Writing prompt from Galway Kinnell's "Don't Wait"

Or really, writing prompt from a poem you can’t stop reading, loving, admiring, and needing to engage. I’ve been challenging myself to write a poem in response to a poem that haunts me. It’s a challenge that frames my morning and ruins my placid coffee-guzzling routine.

I learn so much from the prompts and possibilities posted by fellow writers, so I’m going to share this Wait/Don’t Wait experiment in full knowledge that nothing I write in a morning compares with Galway Kinnell’s poems. This statement is both particular and general in its scope. This poem will never be submitted, published, collected, or read. It is a poem for the compost. It is critical to produce a steady stream of poems one is willing to bury. A poet’s task is to feed the flowers, which includes grinding old bones into soil.

Because I love Galway Kinnell’s “Wait”—from the way he touched depression to the way he wove a melody to free it. Kinnell wrote this poem for a student who wanted to die after a love relationship went wrong. Because it is one of my favorite poems and yet—I feel a hollow space in its promise, a sort of positivity that promises we will learn from the suffering of life. I’m not sure I believe this anymore. I’m not sure I need to believe this in order to love living—or to bear the implacable parts.

The Rub: Subvert Your Idol

Pick a poem that you adore, a poem by a famous poet, a poet you admire and emulate. You should have a fear of profaning their poems. This fear is important—it’s where the poem gets its energy.

Start by playing with the title, reading it, feeling its relationship to what the poet wants from the poem. Then subvert it. Flip it. And write into what happens.

(My example in response to Kinnell’s “Wait” is below.)

Don'twait.png

It’s worth watching the poet read this beautiful poem aloud—because watching adds layers to listening, and layers thicken the bed, broaden the available brushstrokes.

And what’s funny to me about this poem is I went in thinking I wanted to argue with Kinnell about whether we “recover” from broken hearts in the context of romantic love. As I wrote into the titular subversion, I discovered my mother—and how I needed to think about love and loss in general, how the intensity of love can attach to unromantic relationships, including parental ones.

The point of this post—the point of my daily subversions—is to schedule time for failure. To slot in a space where I write to fail, and then feel through that failure to new subjects. So I wrote the poem above (which is compost) and then discovered the poem I needed to write (which is not compost and not shared here but hopefully appears somewhere someday, ptuie ptuie).

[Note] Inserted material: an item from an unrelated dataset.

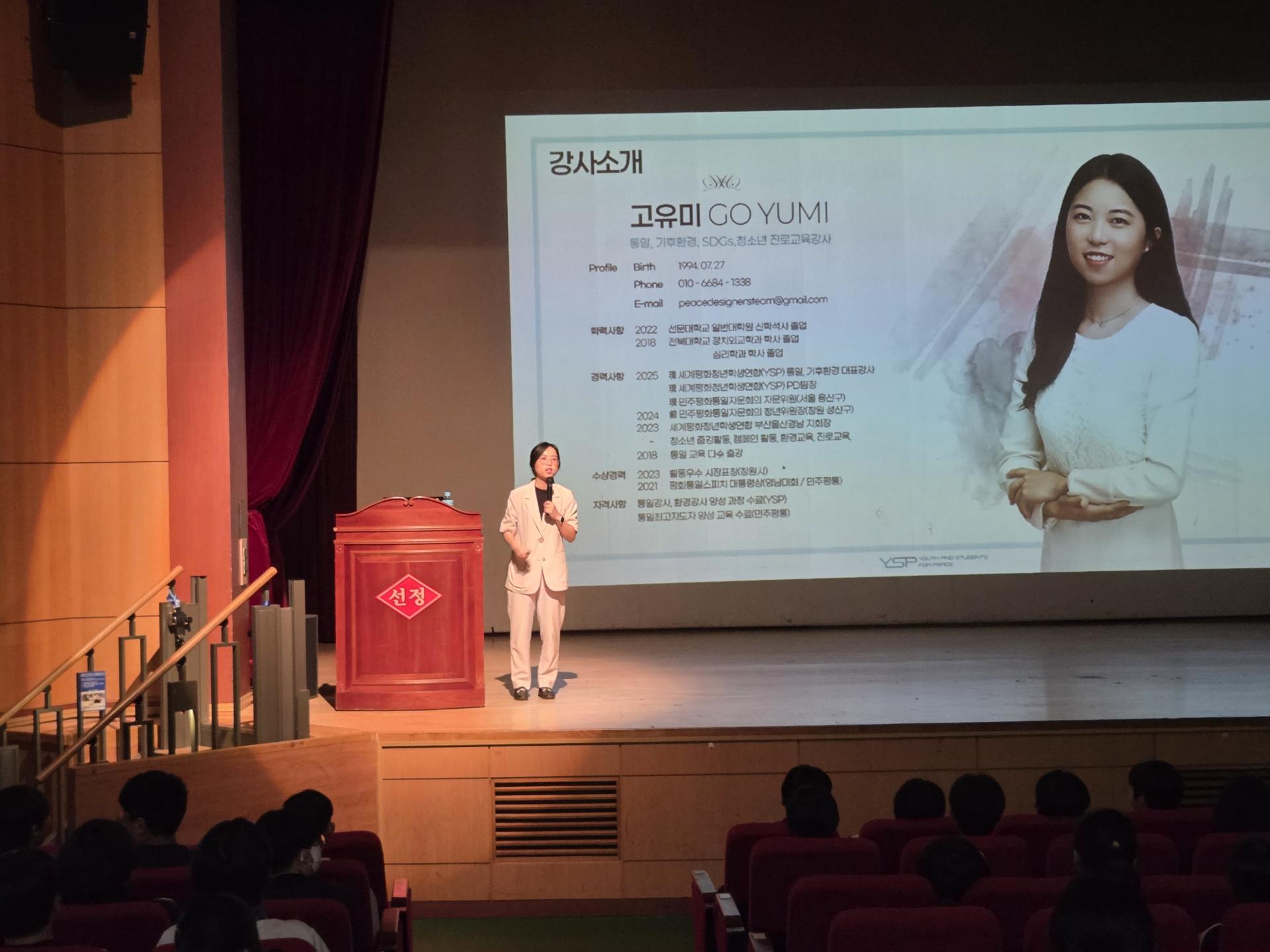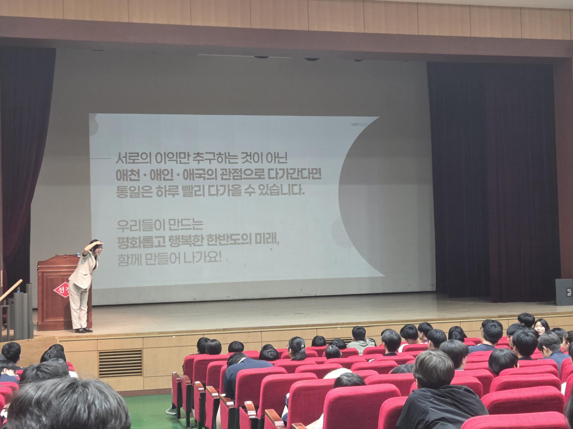 - " 통일교육 수업을 통해 분단의 역사와 현재 한반도의 상황에 대해 더 깊이 이해할 수 있었습니다. 특히 통일이 단순한 정치적 사건이 아니라 우리 모두의 삶과 미래에 직결된 문제라는 점이 인상 깊었습니다. 앞으로 통일에 대해 더 관심을 가지고, 평화로운 한반도를 위한 역할을 고민해보고 싶습니다. (선정중 1학년 김00) "

In this way, writing “Don’t Wait” led me to a tension that I probe in a poem I do not plan to compost. But I’m not sure I would have resolved to write into the uncertainty of this space if I hadn’t first discovered its parameters through this writing exercise.

And that, friends, is the risk I need to bring to the page. Alongside the reminder that, if we are writing, then we are producing reams of nonsense alongside a few moonflower vines. And producing those reams is a good thing. A shameless thing. A facet of practice and commitment. Don’t wait.